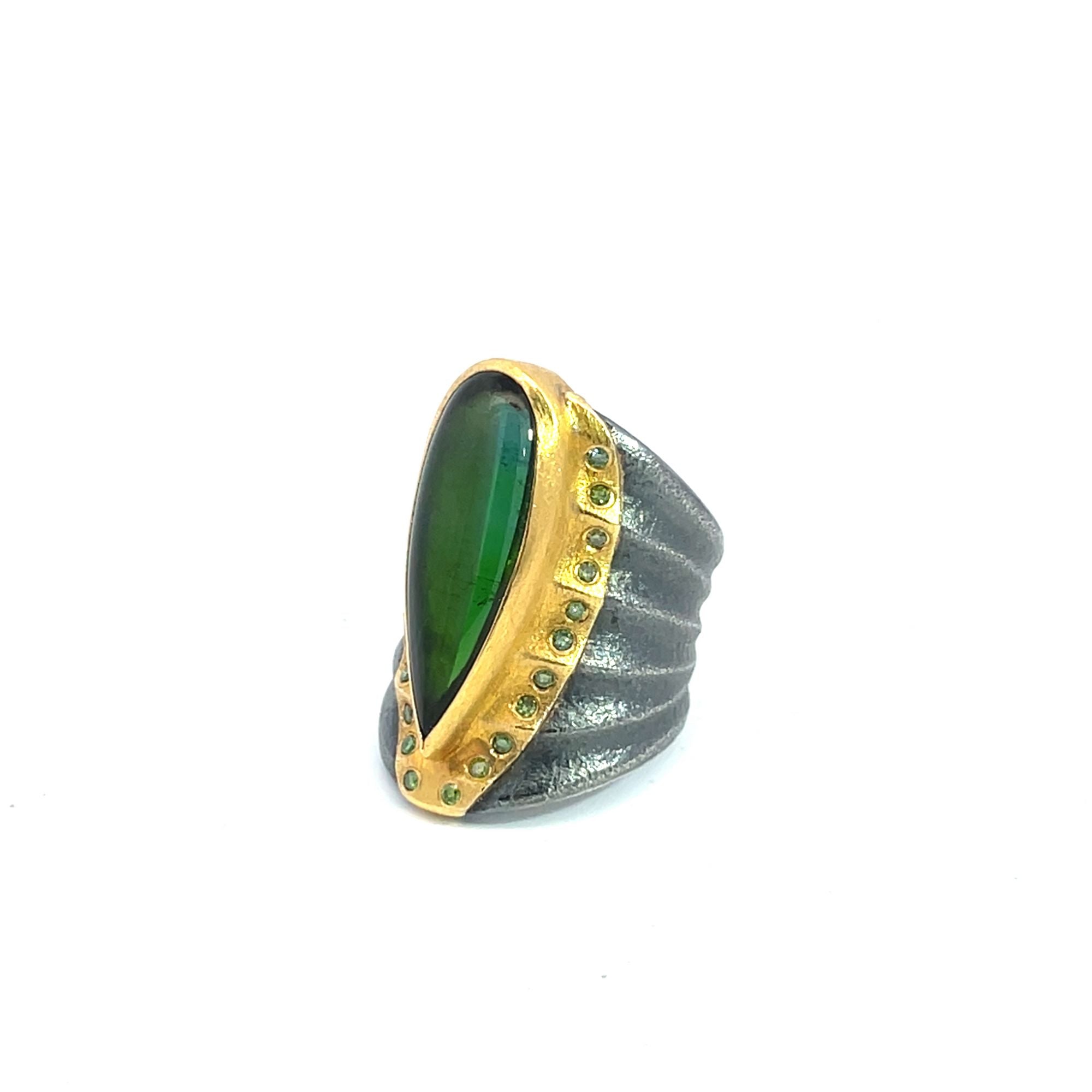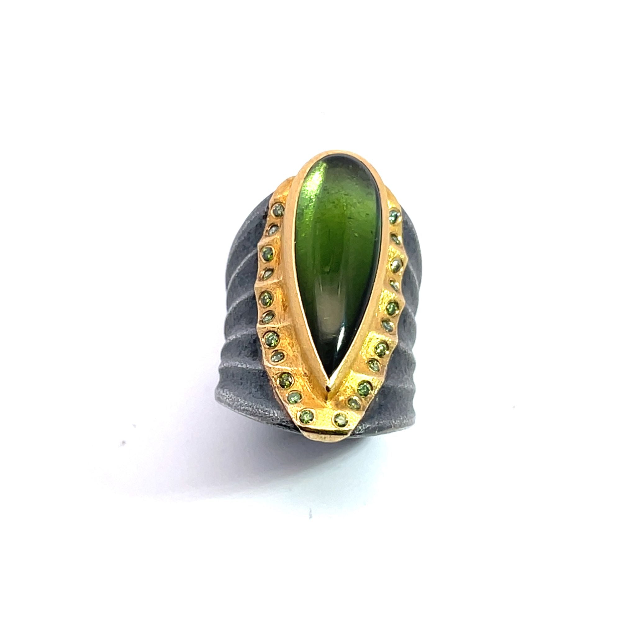 Peter Schmid for Atelier Zobel sets a 7.72 carat pear-shape cabochon green tourmaline in 22K gold with a pear-shaped ruffled gold silhouette set with 0.22 cts tw irradiated green diamonds. The ring measures 3/4" x 1-3/8" long and is size 6.75-7.
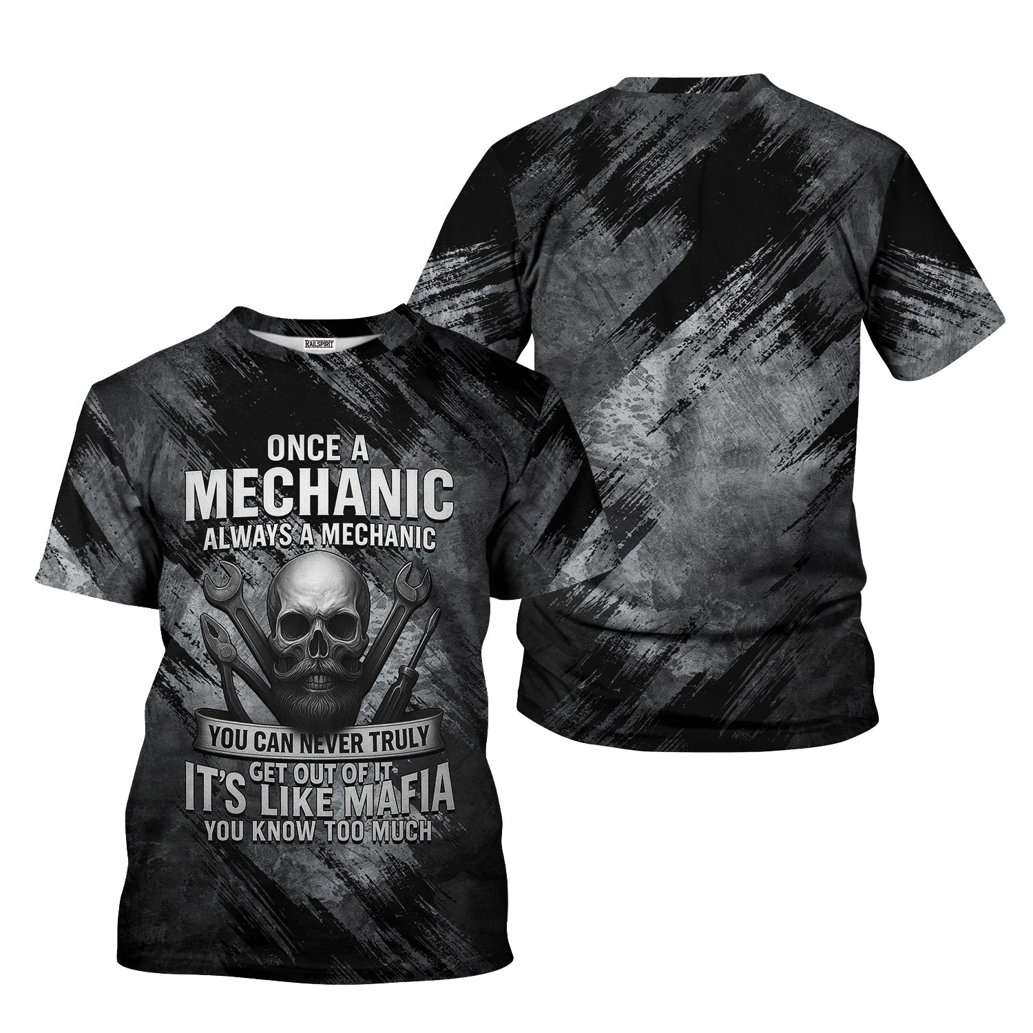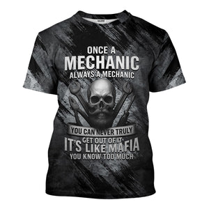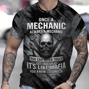 Once A Mechanic Always A Mechanic Shirt Funny Printed Vintage Mechanic Unisex T Shirt Skull and Mechanic Tools Design
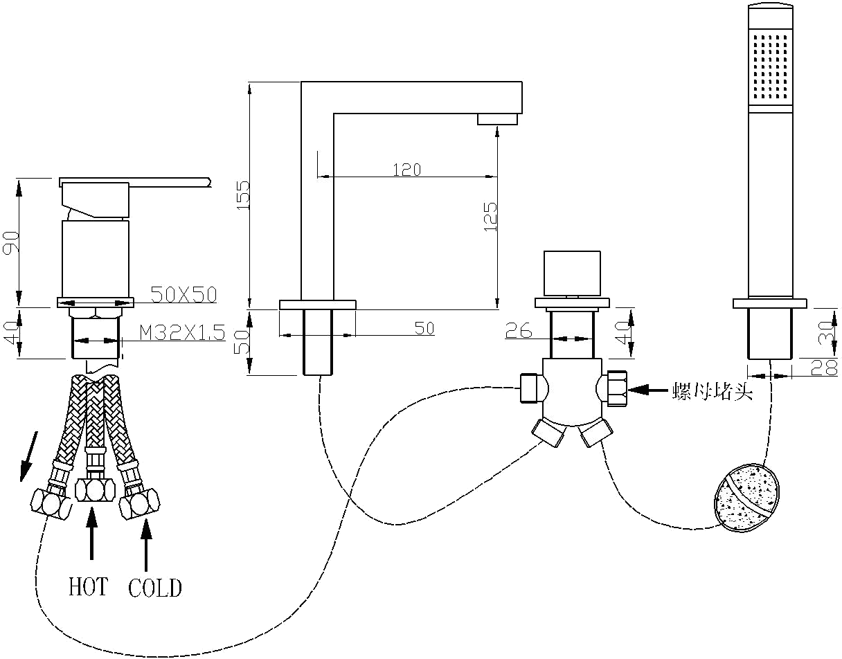 Batériu je možné namontovať na hodnosť vane v špeciálne pripravených otvoroch. Táto metóda poskytuje jednoduchý a pohodlný prístup a umožňuje vám rýchlo upraviť teplotu prúdu a vody. Estetické riešenie, zdôrazňujúce štýl kúpeľne.

# # # # # # #

◆ Exercise
Repeat the listing above exactly from its first line to the line containing "Once A Mechanic", both included, and omit the pictures.

◆ Reply
 Peter Schmid for Atelier Zobel sets a 7.72 carat pear-shape cabochon green tourmaline in 22K gold with a pear-shaped ruffled gold silhouette set with 0.22 cts tw irradiated green diamonds. The ring measures 3/4" x 1-3/8" long and is size 6.75-7.
 Once A Mechanic Always A Mechanic Shirt Funny Printed Vintage Mechanic Unisex T Shirt Skull and Mechanic Tools Design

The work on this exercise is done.